━━━━━ THE RECORDS ━━━━━
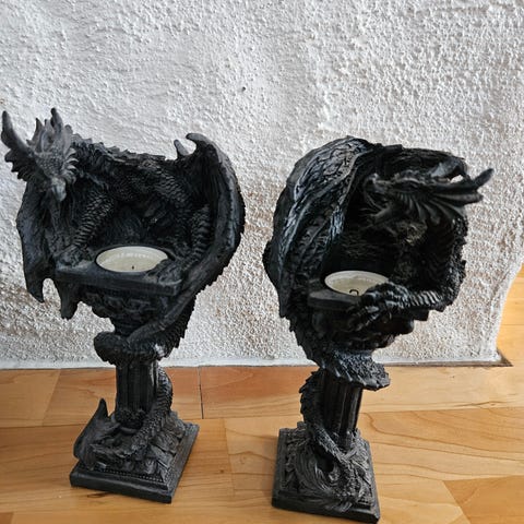 vegglysestaker laget i svart metall. Hver lysestake har plass til to lys og er designet for montering på vegg. Passer til dekorasjon og belysning i hjemmet.
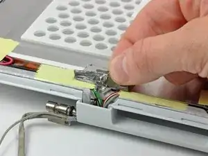 Удалите два куска скотча с кабелей данных дисплея/микрофона вблизи нижнего края дисплея.
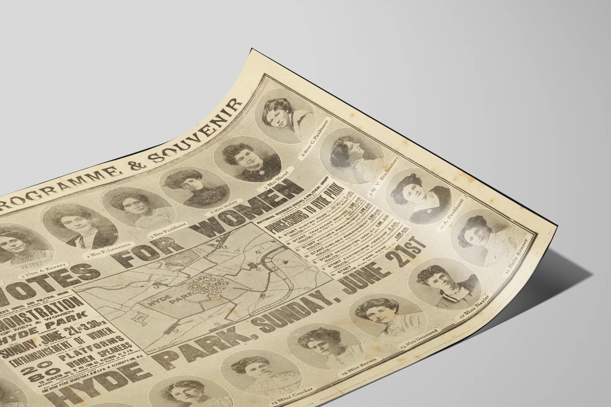 Cette affiche vintage est un souvenir officiel du programme de la marche des femmes pour le droit de vote, qui s'est tenue le dimanche 21 juin 1908 à Hyde Park, Londres. Ce poster de décoration murale historique présente les portraits de plusieurs militantes féminines engagées dans la lutte pour l'obtention du droit de vote, entourant un plan détaillé des différentes processions menant à Hyde Park. Au centre, un texte fort "Votes for Women" affirme le message principal de cet événement emblématique. Cette affiche se distingue par son style typographique ancien et sa composition organisée, parfaite pour les amateurs d'histoire féminine et d'art graphique vintage. Ce tableau mural s'intègre idéalement dans une décoration murale à thème historique ou activiste, apportant une touche authentique et inspirante à tout intérieur. Imprimée sur un papier à effet ancien, elle rappelle une époque cruciale du combat pour l'égalité des droits. Ce poster est une pièce de décoration murale unique, parfaite pour enrichir un espace d'expression culturelle ou un bureau. Son design captivant met en avant l'importance des mouvements sociaux et politiques féminins du début du XXe siècle, tout en offrant une valeur décorative esthétique remarquable.
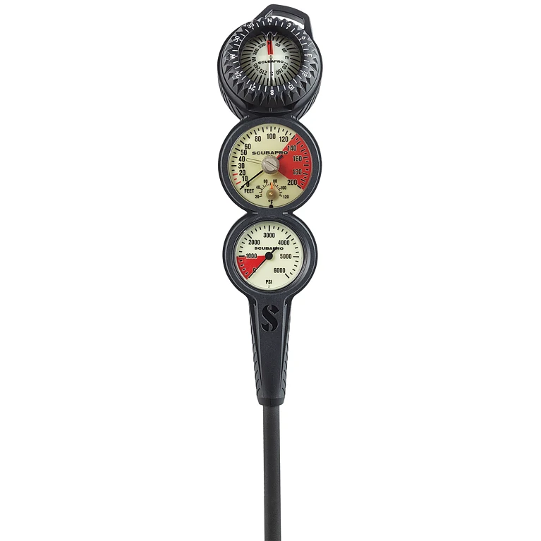 This sleek, three-gauge console combines a SCUBAPRO metal pressure gauge, depth gauge and FS-2 compass, creating an easy-to-use, at-a-glance information center.
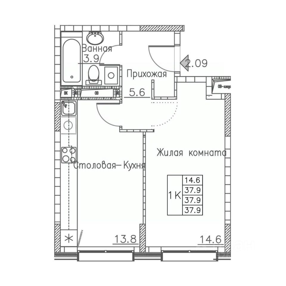 Общая площадь37,9 м2
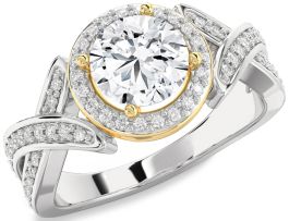 A brilliant round center is encircled by a radiant halo, creating a focal point of timeless allure. The band weaves gracefully around the setting in a layered embrace, adorned with shimmering accents that catch the light from every angle. Bold yet refined, this Engagement Ring symbolizes the elegant intertwining of two paths into one unforgettable journey of love and commitment.
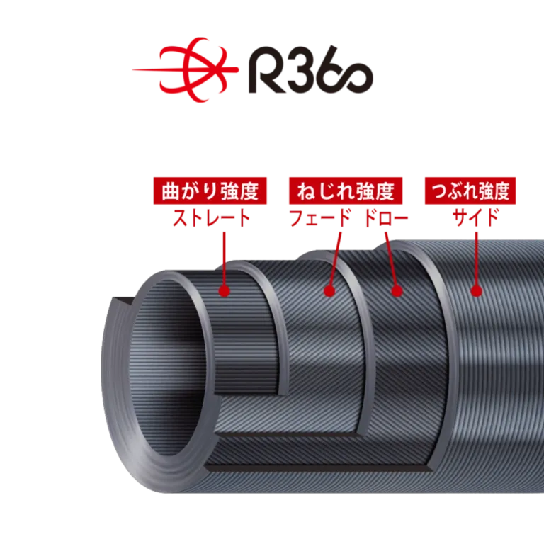 ねじれを抑えるR360構造を採用し、軽さ・感度・操作性を高水準で実現しています。
━━━━━
# WHAT THIS TASK INVOLVES
Nothing but the lines from the one containing "Удалите два куска" through the last line of the material may appear in the answer, transcribed exactly and with no pictures.

# SOLUTION TO THIS EXERCISE
 Удалите два куска скотча с кабелей данных дисплея/микрофона вблизи нижнего края дисплея.
 Cette affiche vintage est un souvenir officiel du programme de la marche des femmes pour le droit de vote, qui s'est tenue le dimanche 21 juin 1908 à Hyde Park, Londres. Ce poster de décoration murale historique présente les portraits de plusieurs militantes féminines engagées dans la lutte pour l'obtention du droit de vote, entourant un plan détaillé des différentes processions menant à Hyde Park. Au centre, un texte fort "Votes for Women" affirme le message principal de cet événement emblématique. Cette affiche se distingue par son style typographique ancien et sa composition organisée, parfaite pour les amateurs d'histoire féminine et d'art graphique vintage. Ce tableau mural s'intègre idéalement dans une décoration murale à thème historique ou activiste, apportant une touche authentique et inspirante à tout intérieur. Imprimée sur un papier à effet ancien, elle rappelle une époque cruciale du combat pour l'égalité des droits. Ce poster est une pièce de décoration murale unique, parfaite pour enrichir un espace d'expression culturelle ou un bureau. Son design captivant met en avant l'importance des mouvements sociaux et politiques féminins du début du XXe siècle, tout en offrant une valeur décorative esthétique remarquable.
 This sleek, three-gauge console combines a SCUBAPRO metal pressure gauge, depth gauge and FS-2 compass, creating an easy-to-use, at-a-glance information center.
 Общая площадь37,9 м2
 A brilliant round center is encircled by a radiant halo, creating a focal point of timeless allure. The band weaves gracefully around the setting in a layered embrace, adorned with shimmering accents that catch the light from every angle. Bold yet refined, this Engagement Ring symbolizes the elegant intertwining of two paths into one unforgettable journey of love and commitment.
 ねじれを抑えるR360構造を採用し、軽さ・感度・操作性を高水準で実現しています。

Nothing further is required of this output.